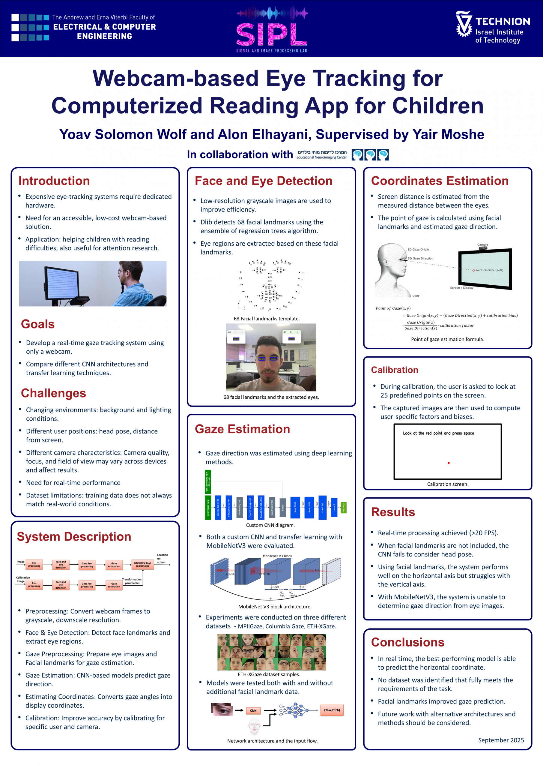 Project DetailsAdvanced eye-tracking systems are expensive and require dedicated hardware, making them inaccessible for everyday use despite their considerable potential for attention research and for educating children with learning disabilities. The aim of this project is to develop an accessible, simple, and low-cost system based on a standard webcam, capable of real-time gaze estimation on a computer screen, operating in a non-specialized setting. The primary emphasis is on creating a tool that helps improve children’s reading skills and can be used in therapeutic and educational contexts. The system we developed builds on insights from previous projects that used Convolutional Neural Networks (CNNs) and facial landmark detection to estimate gaze direction. In this project, we focused on comparing different CNN architectures and explored transfer learning techniques using several specialized datasets. We found that combining facial-landmark data with images of the eye region enables gaze prediction along the horizontal axis, whereas predicting gaze along the vertical axis remains challenging. In addition, we compared different architectures in terms of both runtime and prediction accuracy.
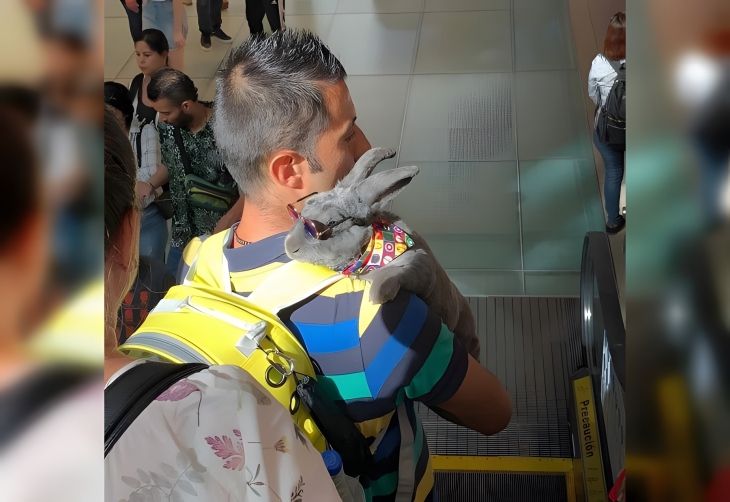 This rabbit cheered everyone up on the subway.
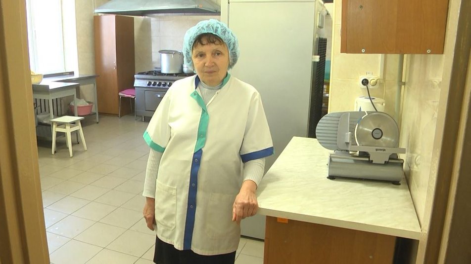 «Сьогодні у нас в меню салат з капусти, суп перловий, макарони, котлети, кава, вафлі і хліб. М'ясо три рази в тиждень, риба є, ковбасні вироби, сардельки. Супи, борщі щодня», – зазначила Галина Сидорук.Зі слів кухарки, на кухні працюють четверо людей, які наразі готують для сотні відвідувачів.
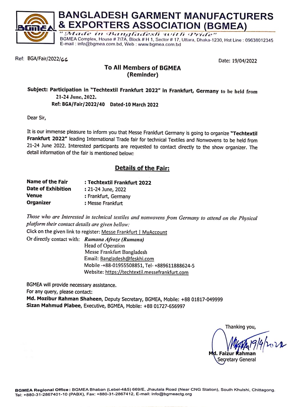 Title: | Subject: Participation in “Techtextil Frankfurt 2022” in Frankfurt, Germany to be held from 21-24 June, 2022. Ref: BGA/Fair/2022/40 Dated-10 March 2022 |
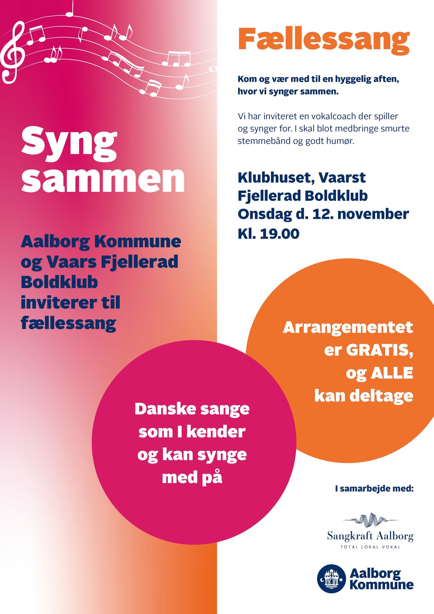 Aalborg Kommune og Vaarst Fjellerad Boldklub inviterer til fællessang med danske sange, som alle kan synge med på.
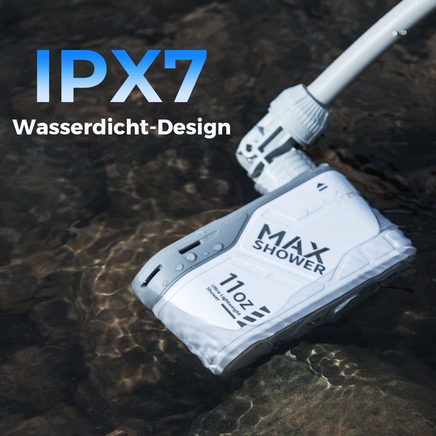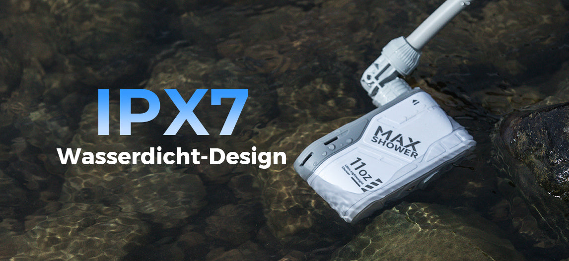 Das wasserdichte IPX7-Design sorgt nicht nur für ein sicheres Gefühl bei der Verwendung, sondern gewährleistet auch die Langlebigkeit Ihres Duschkopfs. Er ist so konstruiert, dass er dem Kontakt mit Wasser standhält, sodass Sie unzählige Duschen genießen können, ohne sich um Verschleiß sorgen zu müssen.
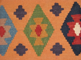 キリムは、遊牧民が敷物・衣類の収納などの生活用具として作られた織物です。
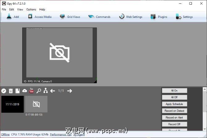 首次安装并运行iSpy时,它会要求您添加摄像机。完成后,它将显示您的供稿,并在其下方显示一个绿色栏。绿条看起来像麦克风的声音水平,但不要上当。该条实际上是iSpy检测到的运动量。 iSpy检测到的移动越多,绿色条形填充的内容就越多。如果该条超过红色箭头,它将开始记录。
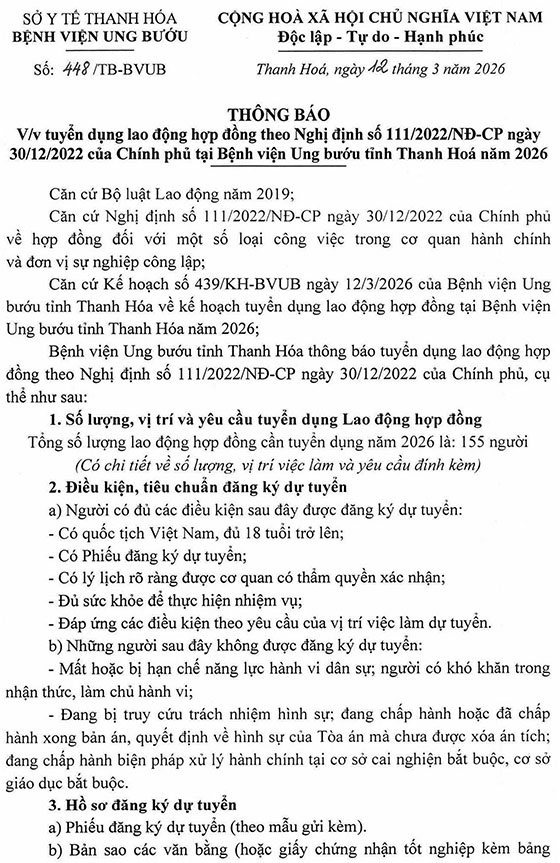 Bệnh viện Ung bướu tỉnh Thanh Hóa thông báo tuyển dụng lao động hợp đồng theo Nghị định số 111/2022/NĐ-CP ngày 30/12/2022 của Chính phủ, cụ thể như sau:
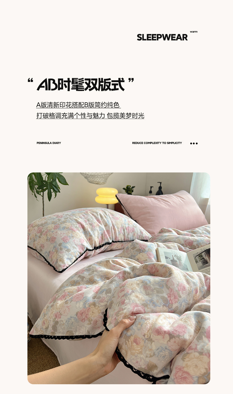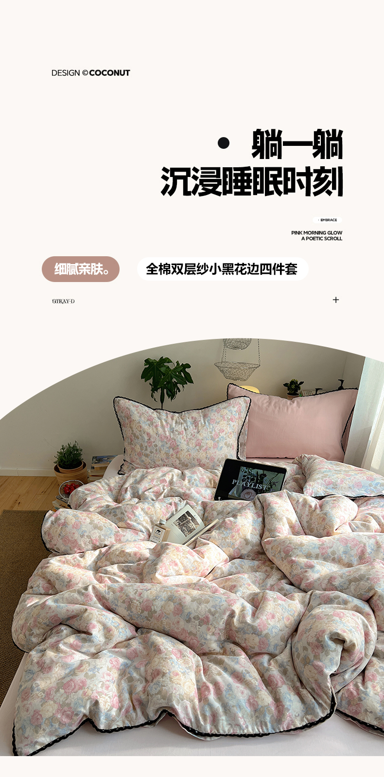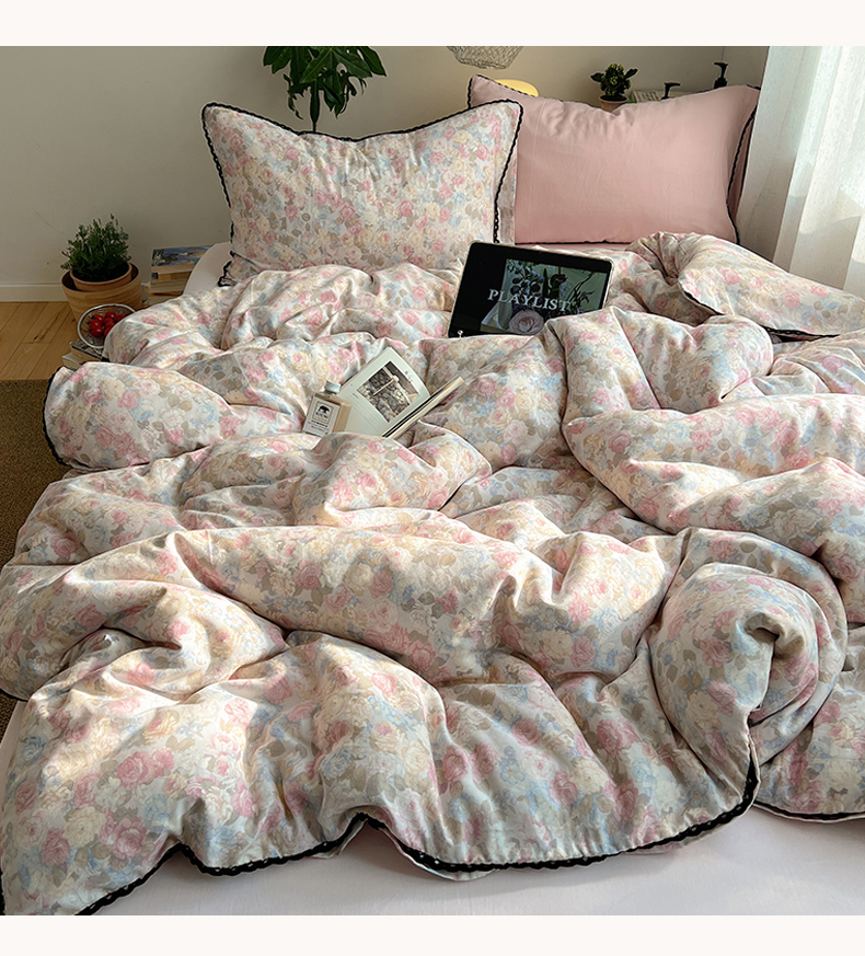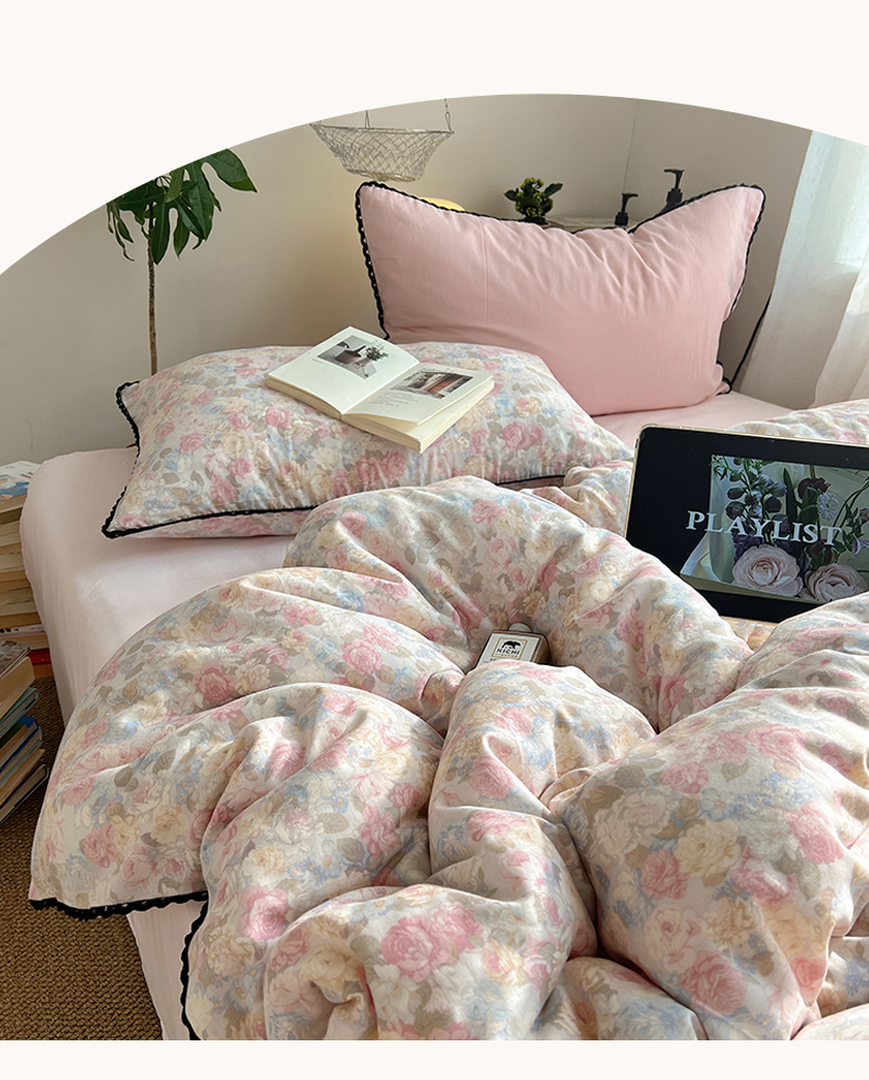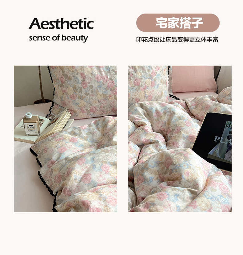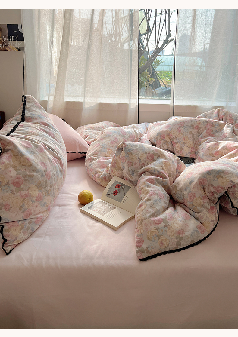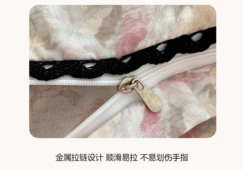 当前位置: 91家纺网 > 商品网购 > 床品套件 > 四件套 > 全棉普通四件套 > 三朵家纺 2026新款全棉纯棉双层纱小黑花边四件套 花影
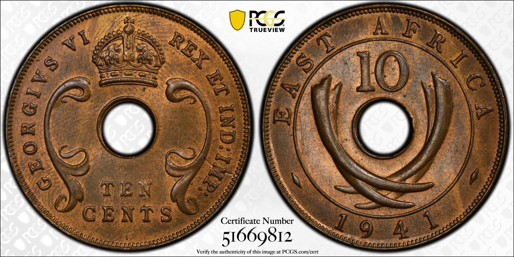 EAST AFRICA & UGANDA: George VI, 1936-1952, AE 10 cents, 1941-I, PCGS MS63 RB
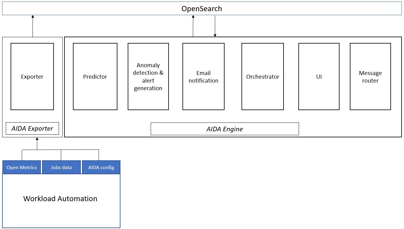 AIDA is composed of two major components: AIDA Exporter and AIDA Engine. Each component contains a number of services:

→ **PROMPT**
Would you copy out every line of the data above exactly, minus the pictures?

→ **ANSWER**
 Project DetailsAdvanced eye-tracking systems are expensive and require dedicated hardware, making them inaccessible for everyday use despite their considerable potential for attention research and for educating children with learning disabilities. The aim of this project is to develop an accessible, simple, and low-cost system based on a standard webcam, capable of real-time gaze estimation on a computer screen, operating in a non-specialized setting. The primary emphasis is on creating a tool that helps improve children’s reading skills and can be used in therapeutic and educational contexts. The system we developed builds on insights from previous projects that used Convolutional Neural Networks (CNNs) and facial landmark detection to estimate gaze direction. In this project, we focused on comparing different CNN architectures and explored transfer learning techniques using several specialized datasets. We found that combining facial-landmark data with images of the eye region enables gaze prediction along the horizontal axis, whereas predicting gaze along the vertical axis remains challenging. In addition, we compared different architectures in terms of both runtime and prediction accuracy.
 This rabbit cheered everyone up on the subway.
 «Сьогодні у нас в меню салат з капусти, суп перловий, макарони, котлети, кава, вафлі і хліб. М'ясо три рази в тиждень, риба є, ковбасні вироби, сардельки. Супи, борщі щодня», – зазначила Галина Сидорук.Зі слів кухарки, на кухні працюють четверо людей, які наразі готують для сотні відвідувачів.
 Title: | Subject: Participation in “Techtextil Frankfurt 2022” in Frankfurt, Germany to be held from 21-24 June, 2022. Ref: BGA/Fair/2022/40 Dated-10 March 2022 |
 Aalborg Kommune og Vaarst Fjellerad Boldklub inviterer til fællessang med danske sange, som alle kan synge med på.
 Das wasserdichte IPX7-Design sorgt nicht nur für ein sicheres Gefühl bei der Verwendung, sondern gewährleistet auch die Langlebigkeit Ihres Duschkopfs. Er ist so konstruiert, dass er dem Kontakt mit Wasser standhält, sodass Sie unzählige Duschen genießen können, ohne sich um Verschleiß sorgen zu müssen.
 キリムは、遊牧民が敷物・衣類の収納などの生活用具として作られた織物です。
 首次安装并运行iSpy时,它会要求您添加摄像机。完成后,它将显示您的供稿,并在其下方显示一个绿色栏。绿条看起来像麦克风的声音水平,但不要上当。该条实际上是iSpy检测到的运动量。 iSpy检测到的移动越多,绿色条形填充的内容就越多。如果该条超过红色箭头,它将开始记录。
 Bệnh viện Ung bướu tỉnh Thanh Hóa thông báo tuyển dụng lao động hợp đồng theo Nghị định số 111/2022/NĐ-CP ngày 30/12/2022 của Chính phủ, cụ thể như sau:
 当前位置: 91家纺网 > 商品网购 > 床品套件 > 四件套 > 全棉普通四件套 > 三朵家纺 2026新款全棉纯棉双层纱小黑花边四件套 花影
 EAST AFRICA & UGANDA: George VI, 1936-1952, AE 10 cents, 1941-I, PCGS MS63 RB
 AIDA is composed of two major components: AIDA Exporter and AIDA Engine. Each component contains a number of services:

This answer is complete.